Do to my own previous health conditions and circumstances I live in a HA secure tenancy flat as a single parent with 1 DS living with me. DS is in year 10. I now work full time from home.
My parents still live in my childhood home some distance away, which is in need of repairs (upstairs is inefficiently heated off a coal fire back boiler, no double glazing!). The whole house needs re-wiring, part of the roof needs work and it will likely need bathroom adaptations in the near future if they stay. They both now have health conditions and are only just coping. Neither of them want to move and want to stay where they are until it becomes impossible. We are also in agreement that they are beyond the point of moving now as they would likely quickly deteriorate. They want me to look at moving in with them to provide care, and so that when one of them dies the other is not alone and between me and the remaining parent we could afford to run the house between us, which neither of them would be able to do on their own. Without me there, the death of either one looks to be really quite traumatic for the remaining one as neither would cope on their own. There is an amount of equity left in the property (approx £70,000) which could be released to make improvements.
This isn't a huge budget for the total amount of work needed to the whole property, but I do think we could look at converting their double garage and another room into a self contained annexe that would be suitable and safe for them for the remainder of their time. I could make do in the old part of the house, in the same way they have been doing for the past couple of decades.
Obviously this would likely be the best decision for them, but I am worried about me and DS and the upheaval to our lives and whether I'm sleepwalking into disaster. Primarily as he will be in his exam year from September, so a move of school would not be great timing. The benefit to him would be that with no care costs through me providing care, means he and I would likely inherit at some stage. I worry about his future as it is, as I have nothing to pass on to him and neither does his father. Is this grabby? Or a situation that works fairly for everyone?
Is it awful of me to consider him moving in with his dad (who is a good dad and has him 50:50 anyway) and I just see him at weekends until he finishes school and can decide what he wants to do next? I'm running myself ragged as it is with keep going up and down to my parents and trying to work full time as it is, so I'm not sure I'd be any less available to him than I am now tbh.

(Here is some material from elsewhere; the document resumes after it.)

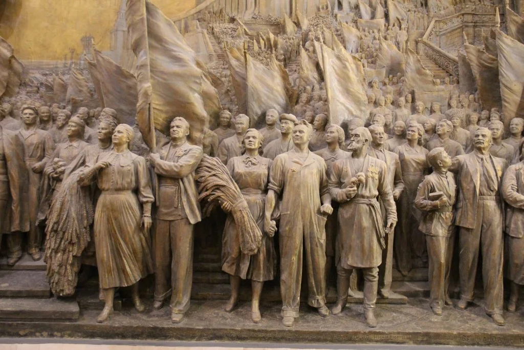 Особенно понравился нашей команде горельеф «Знаменосцу мира, советскому народу — слава!», созданный специально для павильона группой скульпторов во главе с Евгением Вучетичем, — вот он останется здесь навсегда. Интересна его история: это одна из самых значительных находок на ВДНХ последних лет. На горельефе площадью 90 кв. метров представлено торжественное шествие советских граждан разных национальностей, профессий и возрастов на фоне знаковых сооружений: высотки МГУ, плотины ГЭС и других — более 1,5 тыс. человек.

I've no clue either about home ownership, inheritance, care costs etc if either of my parents need nursing care. I need help thinking this all through and proper advice, but not sure where to go - I'm assuming a financial adviser wouldn't be interested in helping as there is no money to invest in anything right now, other than back into the house?
Any thoughts/suggestions greatly appreciated. Just want to find the right thing to do for everyone.